§ **WHAT YOU WILL DO**:
For this listing, reproduce the line with "하이 버전 개선문 선글라스", the line with "GOLDSUN 2 Pieces", and the lines between, exactly as they stand. Leave out pictures and all other lines.

§ **RECORDS FOR PROCESSING**:
=== Begin Enclosure ===
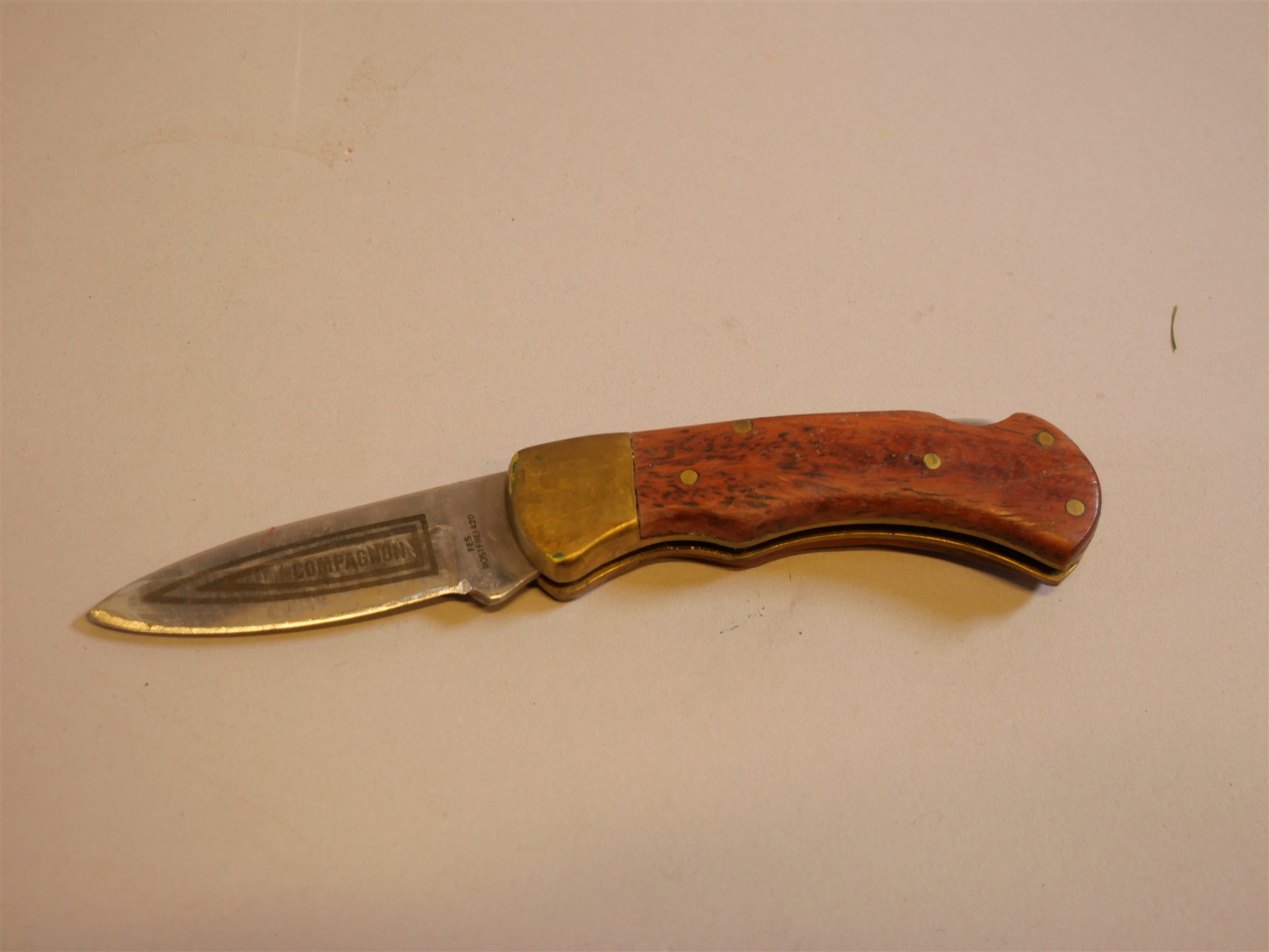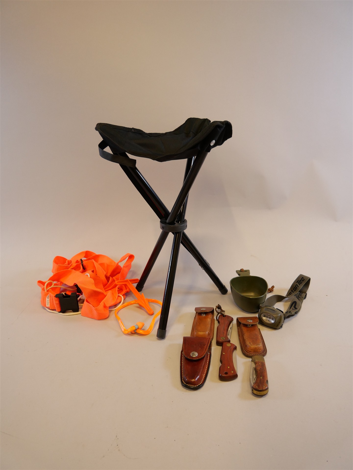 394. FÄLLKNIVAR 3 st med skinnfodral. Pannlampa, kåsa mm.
=== End Enclosure ===
=== Begin Enclosure ===
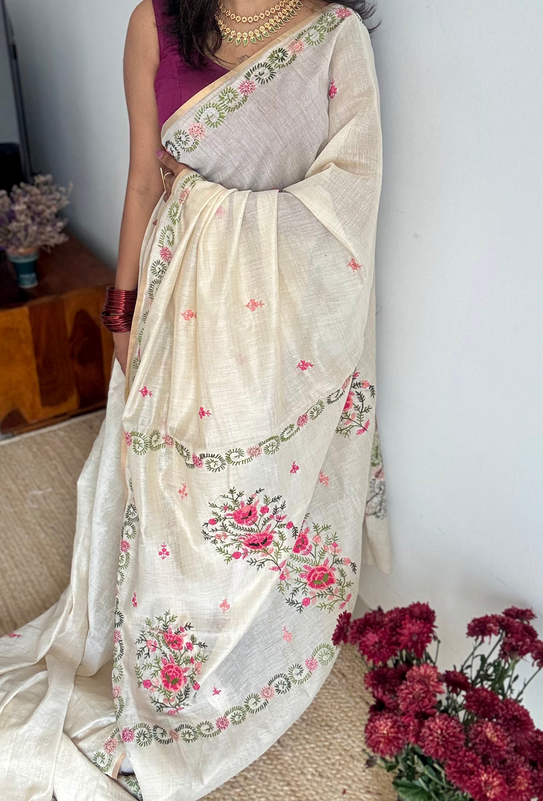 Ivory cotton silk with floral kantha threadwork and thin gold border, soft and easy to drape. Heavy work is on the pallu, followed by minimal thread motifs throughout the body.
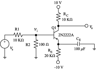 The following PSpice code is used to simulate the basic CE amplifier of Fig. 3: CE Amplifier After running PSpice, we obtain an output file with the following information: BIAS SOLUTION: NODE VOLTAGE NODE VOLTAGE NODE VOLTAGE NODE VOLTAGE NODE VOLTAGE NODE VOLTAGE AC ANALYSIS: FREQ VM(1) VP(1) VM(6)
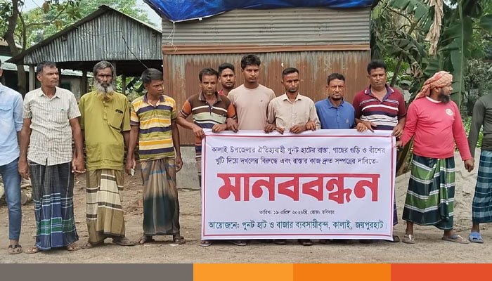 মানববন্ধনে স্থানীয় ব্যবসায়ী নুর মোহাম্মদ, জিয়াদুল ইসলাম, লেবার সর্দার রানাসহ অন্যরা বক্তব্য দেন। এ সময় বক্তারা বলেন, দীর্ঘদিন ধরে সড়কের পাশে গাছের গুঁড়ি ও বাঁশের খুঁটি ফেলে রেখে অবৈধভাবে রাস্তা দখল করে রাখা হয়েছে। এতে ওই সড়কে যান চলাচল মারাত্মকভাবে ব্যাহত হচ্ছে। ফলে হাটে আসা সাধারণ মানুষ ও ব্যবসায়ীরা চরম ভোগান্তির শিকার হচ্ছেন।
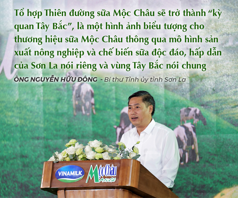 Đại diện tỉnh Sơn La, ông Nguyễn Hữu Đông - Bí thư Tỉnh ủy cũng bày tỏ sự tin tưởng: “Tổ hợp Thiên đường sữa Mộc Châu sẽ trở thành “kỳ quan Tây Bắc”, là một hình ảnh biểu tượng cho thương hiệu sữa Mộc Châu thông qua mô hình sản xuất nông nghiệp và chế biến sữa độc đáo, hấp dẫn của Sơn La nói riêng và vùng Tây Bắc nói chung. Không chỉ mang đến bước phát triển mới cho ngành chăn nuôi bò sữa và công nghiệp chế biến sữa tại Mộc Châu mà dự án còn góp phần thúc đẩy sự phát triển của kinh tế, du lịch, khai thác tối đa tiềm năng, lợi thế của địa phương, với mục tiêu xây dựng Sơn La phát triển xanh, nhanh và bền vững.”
=== End Enclosure ===
=== Begin Enclosure ===
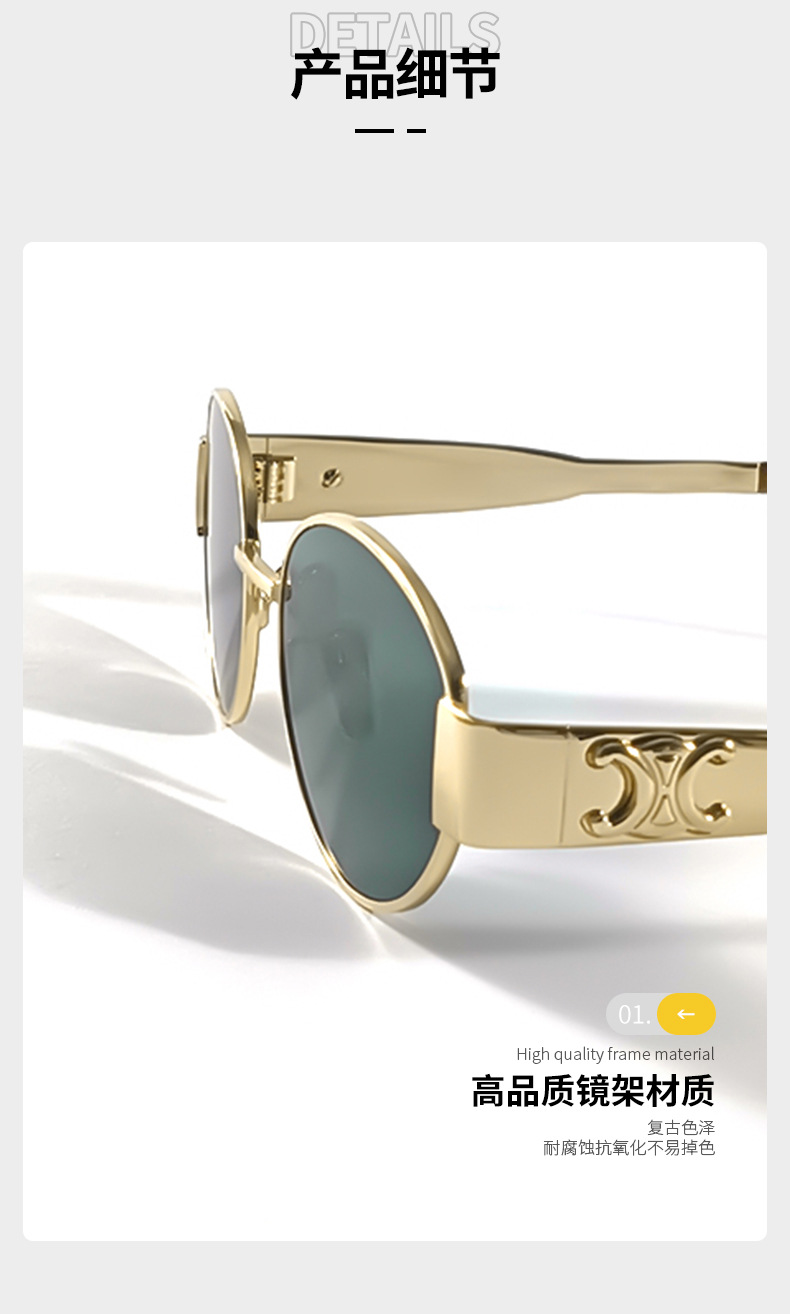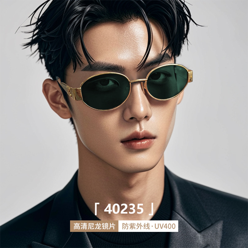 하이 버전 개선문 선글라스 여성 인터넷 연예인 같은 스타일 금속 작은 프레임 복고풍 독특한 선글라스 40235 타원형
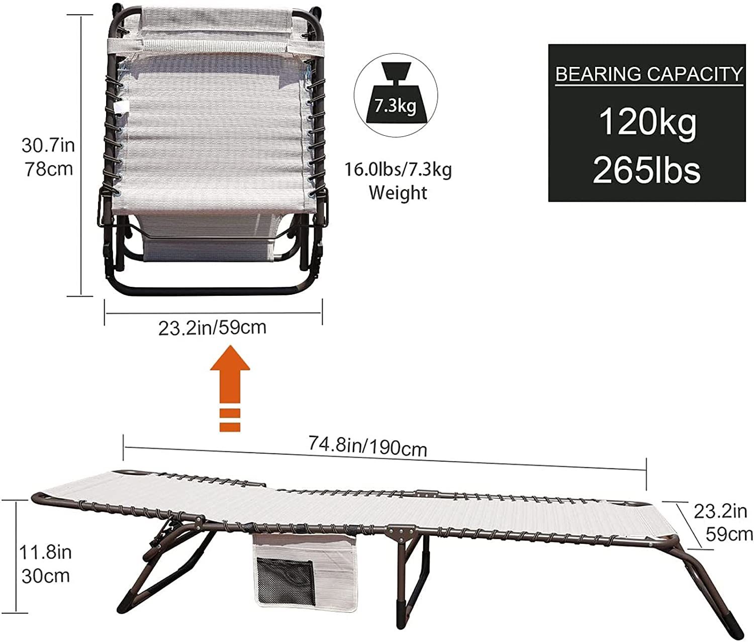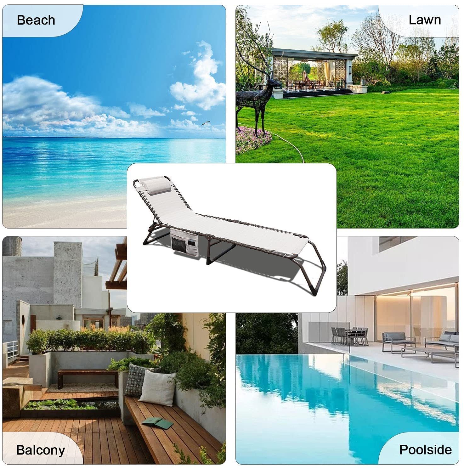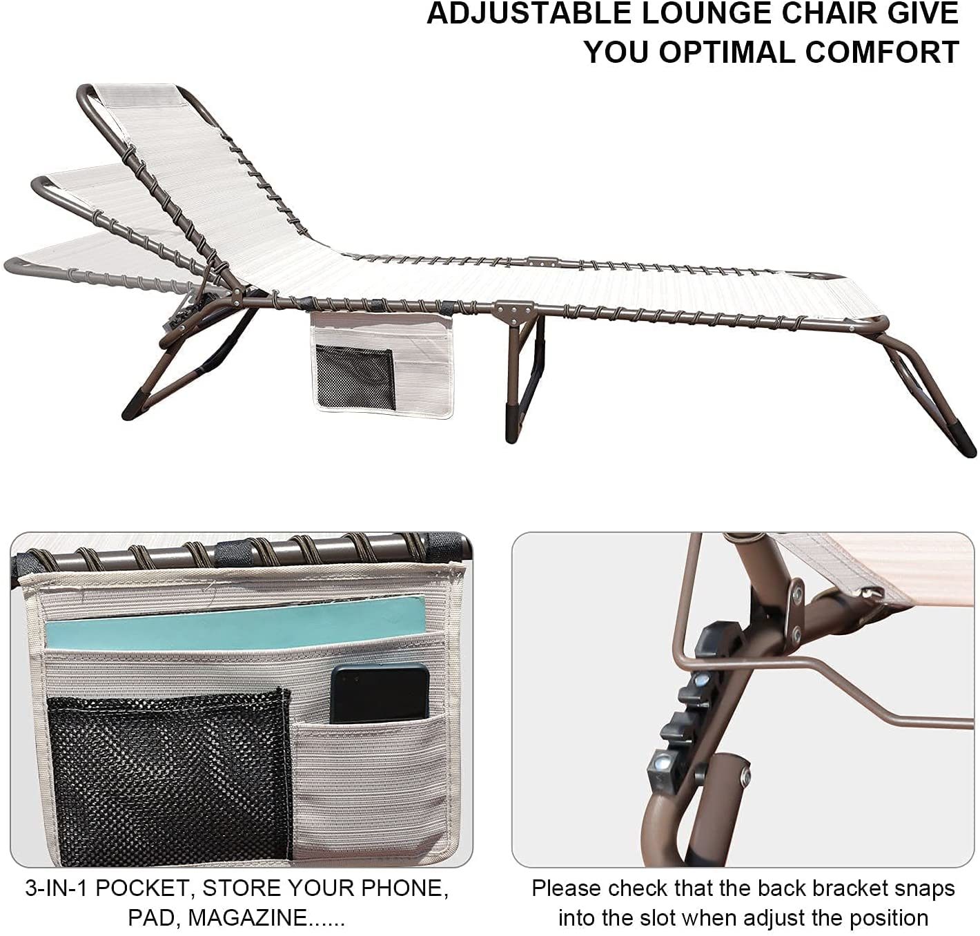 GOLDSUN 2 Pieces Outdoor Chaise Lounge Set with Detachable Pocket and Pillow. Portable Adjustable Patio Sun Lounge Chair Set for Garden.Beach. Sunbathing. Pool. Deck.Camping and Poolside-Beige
=== End Enclosure ===
§ **RESPONSE TO THIS TASK**:
 하이 버전 개선문 선글라스 여성 인터넷 연예인 같은 스타일 금속 작은 프레임 복고풍 독특한 선글라스 40235 타원형
 GOLDSUN 2 Pieces Outdoor Chaise Lounge Set with Detachable Pocket and Pillow. Portable Adjustable Patio Sun Lounge Chair Set for Garden.Beach. Sunbathing. Pool. Deck.Camping and Poolside-Beige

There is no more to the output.